## K-Nearest Neighbors classification

The K-Nearest Neighbors (KNN) algorithm is a supervised learning algorithm. It is a _non-parametric_ method used for classification and regression. In both cases, the input consists of the $k$ closest training examples in the feature space. The output depends on whether KNN is used for classification or regression. Here, we focus on the classification case.

### Ingredients & transparency
For all machine learning models covered in this course, we aim to talk about their ingredients and transparency in a standard way to facilitate understanding their similarities and differences. For transparency, we will focus on the system transparency, i.e. system logic. Process transparency is not specific to ML models and it will be discussed when we cover the ML process/lifecycle.

The ingredients of a KNN model are the training data. The transparency of a KNN model is the distance between the test point and the training points.

```{admonition} Ingredients
- Input: features of data samples
- Output: class labels of data samples
- Model: assigned dominant class label of the $K$ nearest neighbors of an input sample to it
- Hyperparameter(s): the number of nearest neighbors $K$
- Loss function: minimise distance between samples
- Learning algorithm: sorting distances between samples
```

```{admonition} Transparency
System logic
- Condition to produce certain output: nearest neighbors for those samples with that label
```

### Example: Iris classification

We adapt the [KNN example from scikit-learn](https://scikit-learn.org/1.0/auto_examples/neighbors/plot_classification.html#sphx-glr-auto-examples-neighbors-plot-classification-py) to illustrate the use of KNN for classification. 

To do so, we use the Iris dataset, which is a classic dataset in machine learning and statistics. It is included in scikit-learn and we load it as follows.

```{admonition} Launch 
Click the rocket symbol (<i class="fas fa-rocket"></i>) to launch this page as an interactive notebook in Google Colab (faster but requiring a Google account) or Binder.
```

##### Libraries

Get ready by importing the application programming interfaces (APIs) needed from respective libraries.

In [None]:
import numpy as np
import matplotlib.pyplot as plt
import seaborn as sns
from matplotlib.colors import ListedColormap
from sklearn import neighbors, datasets

##### Load data

 Let us work on one of the classical dataset in machine learning: the [Iris flower dataset](https://en.wikipedia.org/wiki/Iris_flower_data_set).

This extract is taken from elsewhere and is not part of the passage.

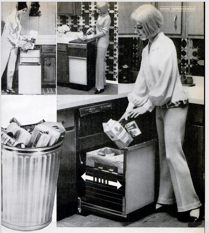 Another strong thread running through trash compactor promotion was that of environmental benefits. The trash compactor emerged at a time when the discourse of waste management was incorporating environmental health, as well as public health. Because it reduced waste volume and could save landfill space, promoters of the appliance argued that it “should gain acceptance by ecologists.” Whirlpool touted it as “forerunner of a whole new generation of appliances that will help improve the quality of the environment.” If we can believe in the integrity of Popular Science magazine, then this did turn into a motivation for consumer purchase; a personal use report noted a trash compactor “postpones the day when we’ll drown in a sea of trash.”
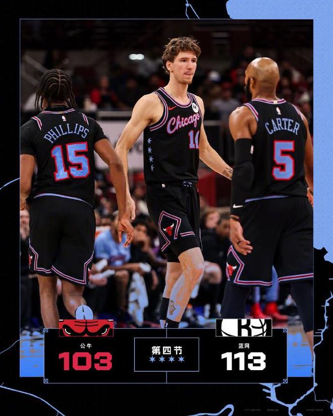 北京时间12月4日,NBA常规赛公牛主场对阵篮网,篮网在小波特33+10+5+5三分的出色表现引领下,最多时刻领先公牛19分优势,最终公牛103-113输给篮网遭遇5连败,篮网收获2连胜。

It can be loaded directly from the scikit-learn library.

In [None]:
iris = datasets.load_iris()

##### Set hyperparameter

Here, we set the only one hyperparameter, the number of neighbors.

In [None]:
n_neighbors = 15

##### Visulisation in 2D

For the purpose of visulisation to get intuition, we will work with the first two features only so that we can do visualisation of the data samples in a 2D plot. We can take the first two features by [indexing and slicing](https://pykale.github.io/transparentML/00-prereq/basic-python.html#indexing-and-slicing) as below.

In [None]:
X = iris.data[:, :2]
y = iris.target

In [None]:
h = 0.02  # step size in the mesh

# Create color maps
cmap_light = ListedColormap(["orange", "cyan", "cornflowerblue"])
cmap_bold = ["darkorange", "c", "darkblue"]

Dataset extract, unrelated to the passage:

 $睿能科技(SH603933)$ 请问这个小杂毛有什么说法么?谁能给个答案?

for weights in ["uniform", "distance"]:
    # we create an instance of Neighbours Classifier and fit the data.
    clf = neighbors.KNeighborsClassifier(n_neighbors, weights=weights)
    clf.fit(X, y)

    # Plot the decision boundary. For that, we will assign a color to each
    # point in the mesh [x_min, x_max]x[y_min, y_max].
    x_min, x_max = X[:, 0].min() - 1, X[:, 0].max() + 1
    y_min, y_max = X[:, 1].min() - 1, X[:, 1].max() + 1
    xx, yy = np.meshgrid(np.arange(x_min, x_max, h), np.arange(y_min, y_max, h))
    Z = clf.predict(np.c_[xx.ravel(), yy.ravel()])

    # Put the result into a color plot
    Z = Z.reshape(xx.shape)
    plt.figure(figsize=(8, 6))
    plt.contourf(xx, yy, Z, cmap=cmap_light)

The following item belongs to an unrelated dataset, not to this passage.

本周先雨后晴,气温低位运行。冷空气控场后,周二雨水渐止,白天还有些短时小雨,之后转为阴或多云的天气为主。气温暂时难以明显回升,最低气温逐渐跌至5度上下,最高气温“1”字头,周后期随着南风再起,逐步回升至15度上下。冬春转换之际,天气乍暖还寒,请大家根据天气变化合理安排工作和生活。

    # Plot also the training points
    sns.scatterplot(
        x=X[:, 0],
        y=X[:, 1],
        hue=iris.target_names[y],
        palette=cmap_bold,
        alpha=1.0,
        edgecolor="black",
    )
    plt.xlim(xx.min(), xx.max())
    plt.ylim(yy.min(), yy.max())
    plt.title(
        "3-Class classification (k = %i, weights = '%s')" % (n_neighbors, weights)
    )
    plt.xlabel(iris.feature_names[0])
    plt.ylabel(iris.feature_names[1])

plt.show()

### Exercises

To be completed in the next cycle


Q1. How many features are there in total for the iris dataset? Write code below to find out or verify.